BEGIN DATA UNDER STUDY

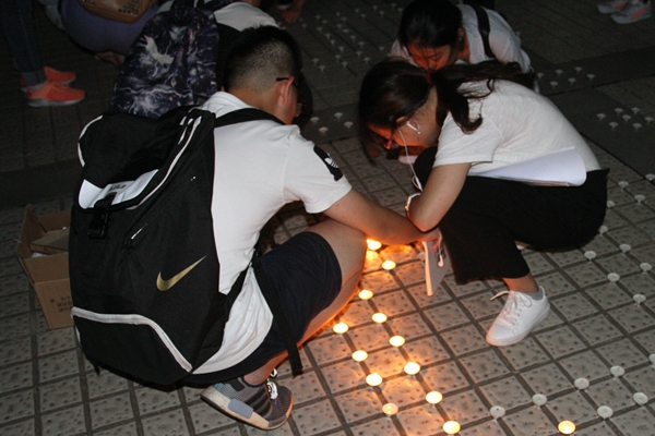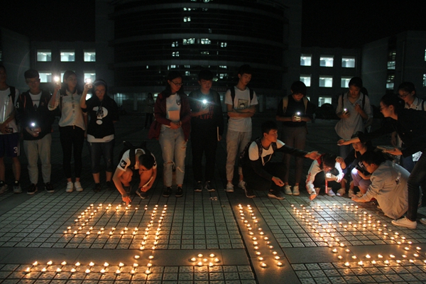 活动过程中,同学们点燃“9·18”字样的白色蜡烛,在闪闪烛光中,庄重默哀,表达自己对国耻的悲痛与悼念。除此之外,我院四名自愿者自发组织诗词朗诵,用壮丽的言语抒发爱国复兴之志。活动现场吸引了各院同学,大家纷纷驻足默哀,气氛沉重。
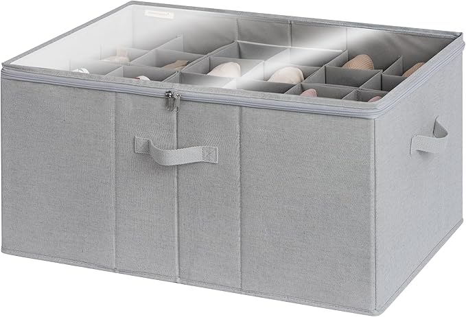 StorageWorks Shoe Organizer for Closet, Fits up to 24 Pairs, Shoe Cubby Storage Containers with Adjustable Dividers and Clear Cover, Grey
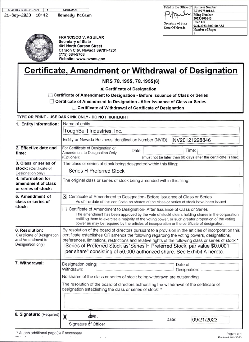 THE UNDERSIGNED, MICHAEL PANOSIAN, DOES HEREBY CERTIFY, on behalf of ToughBuilt Industries, Inc., a Nevada corporation (the “Corporation”), that the following resolution was duly adopted by the board of directors of the Corporation (the “Board”) via written consent in lieu of a meeting on September 21, 2023, which resolution provides for the creation of a series of the Corporation’s Preferred Stock which is designated as “Series H Preferred Stock,” with the rights, powers, and preferences, and the qualifications, limitations, and restrictions thereof, set forth therein.
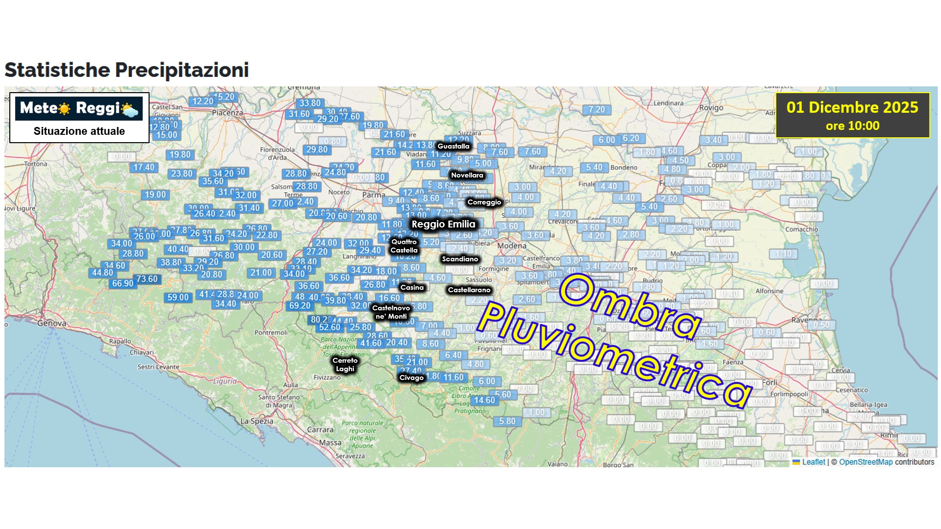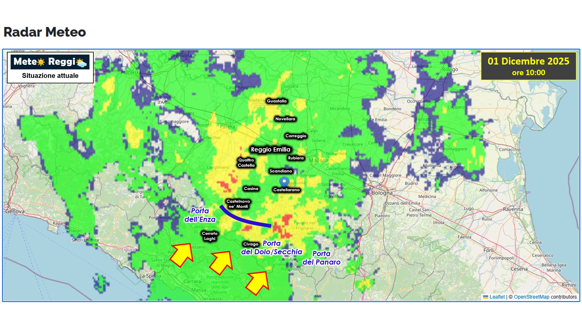 Siamo nel vivo della perturbazione che arriva dalla Toscana e che attraversa il nostro territorio. Il Crinale gioca ancora un ruolo fondamentale, ma le piogge sono ormai diffuse su tutta la provincia. Gli accumuli maggiori sono sul fianco occidentale dove le piogge trovano minor resistenza dall'altezza delle vette e dove la dorsale Succiso-Casarola-Ventasso indirizzano le piogge verso la Pianura.
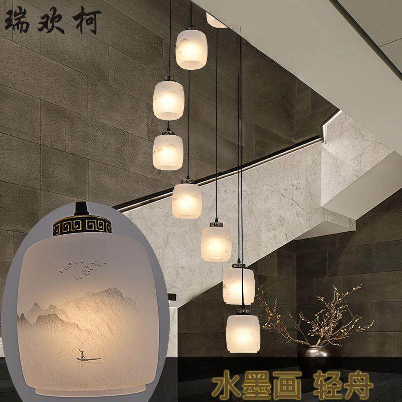 楼梯吊灯简约创意新中式复式楼别墅中空客厅挑空旋转楼梯间长吊灯
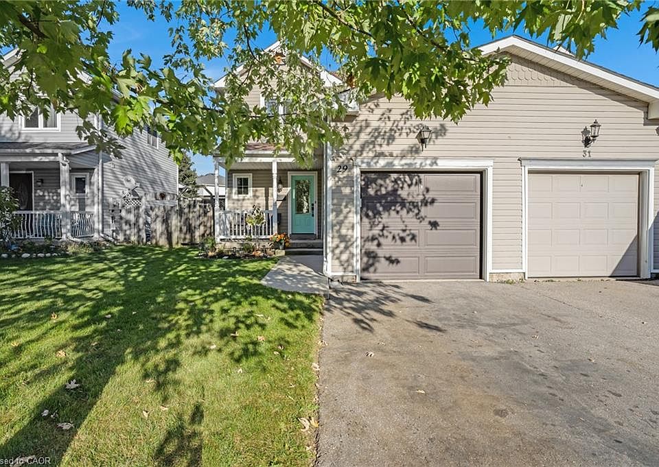 Welcome to 29 Schroeder Drive - a charming and well-maintained 2-storey semi-detached home in a desirable neighborhood. This lovely home offers 3 bedrooms, 1.5 bathrooms, and a spacious rec room - perfect for additional living space or a home office. The main floor features a cozy living room with a gas fireplace, a bright kitchen with included appliances, and a convenient powder room. Upstairs, the primary bedroom boasts a walk-in closet and a beautiful 4-piece bath serves the upper level. Enjoy peace of mind with a new furnace and A/C (2025). Step outside to an awesome backyard retreat with a patio, shed, and gazebo – ideal for relaxing or entertaining. Located close to scenic trails, the Grand River, parks, schools, and many amenities. Don’t miss out on this fantastic opportunity to own a beautiful home in a great community!
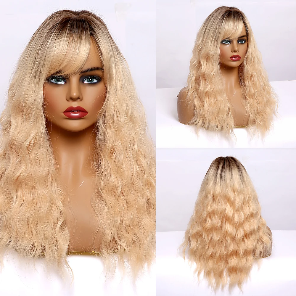 ALAN EATON, средние волнистые парики с челкой для женщин, длинные омберские черные, коричневые, золотистые, медовые, светлые волосы, парик для косплея, синтетический парик для вечеринки
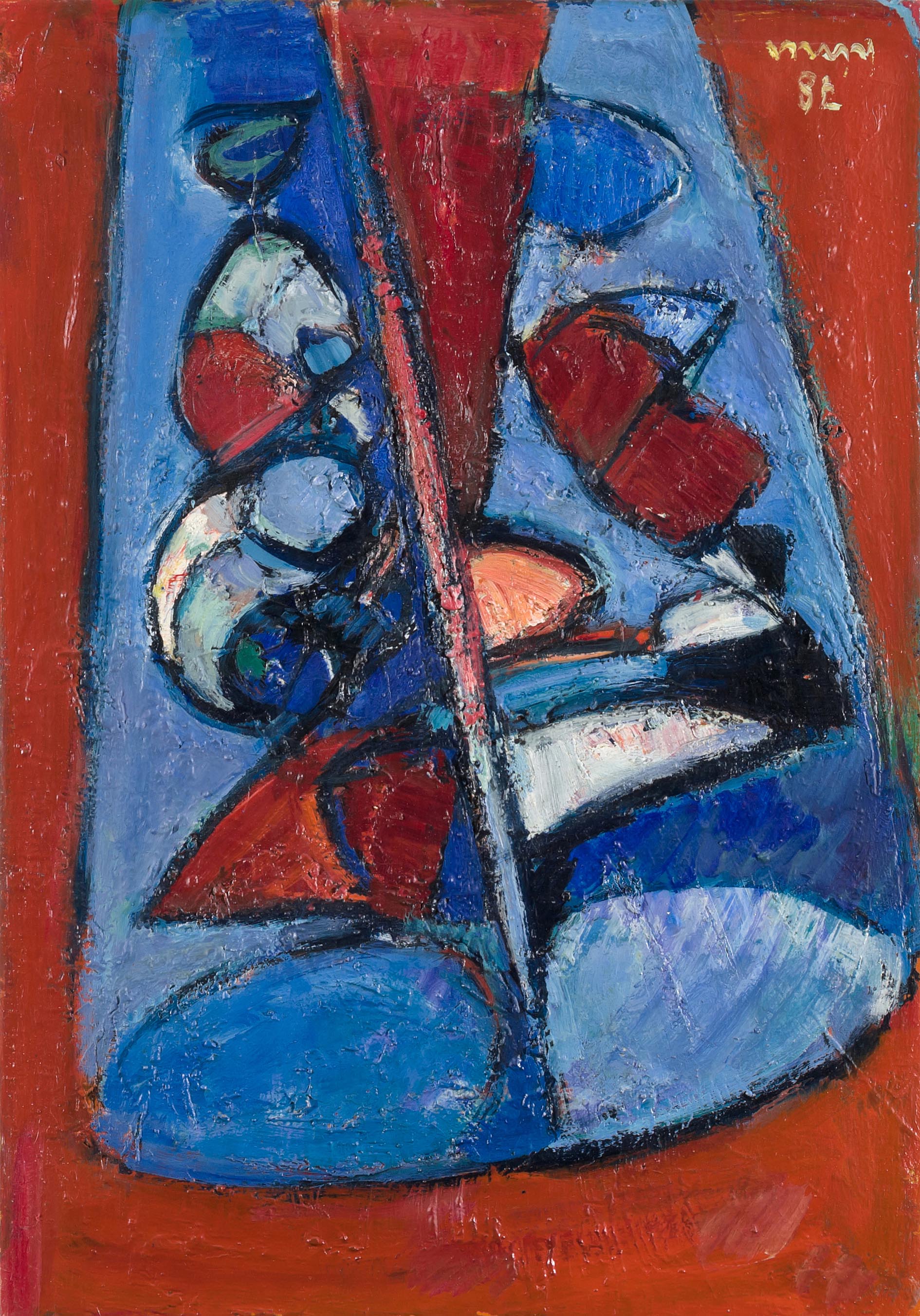 "Komposition rot/blau", 1978. Öl auf Hartfaserplatte. Unten links signiert und datiert, verso auf Etikett bezeichnet. 91x50 cm.
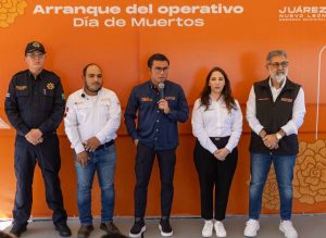 Juárez, Nuevo León, a 31 de octubre de 2025.- Ante la gran afluencia de asistentes que se espera visiten a sus fieles difuntos desde este viernes 31 de octubre y durante los días 1 y 2 de noviembre, el Gobierno Municipal de Juárez, encabezado por el alcalde Félix Arratia Cruz, puso en marcha el Operativo Día de Muertos 2025, con el objetivo de salvaguardar la integridad de los asistentes durante esta tradicional conmemoración.

END DATA UNDER STUDY

Starting at the line above that holds "Siamo nel vivo", repeat every line exactly down to and including the line that holds "楼梯吊灯简约创意新中式复式楼别墅中空客厅挑空旋转楼梯间长吊灯", then stop. Do not carry over any pictures.

• [ANSWER SECTION]
 Siamo nel vivo della perturbazione che arriva dalla Toscana e che attraversa il nostro territorio. Il Crinale gioca ancora un ruolo fondamentale, ma le piogge sono ormai diffuse su tutta la provincia. Gli accumuli maggiori sono sul fianco occidentale dove le piogge trovano minor resistenza dall'altezza delle vette e dove la dorsale Succiso-Casarola-Ventasso indirizzano le piogge verso la Pianura.
 楼梯吊灯简约创意新中式复式楼别墅中空客厅挑空旋转楼梯间长吊灯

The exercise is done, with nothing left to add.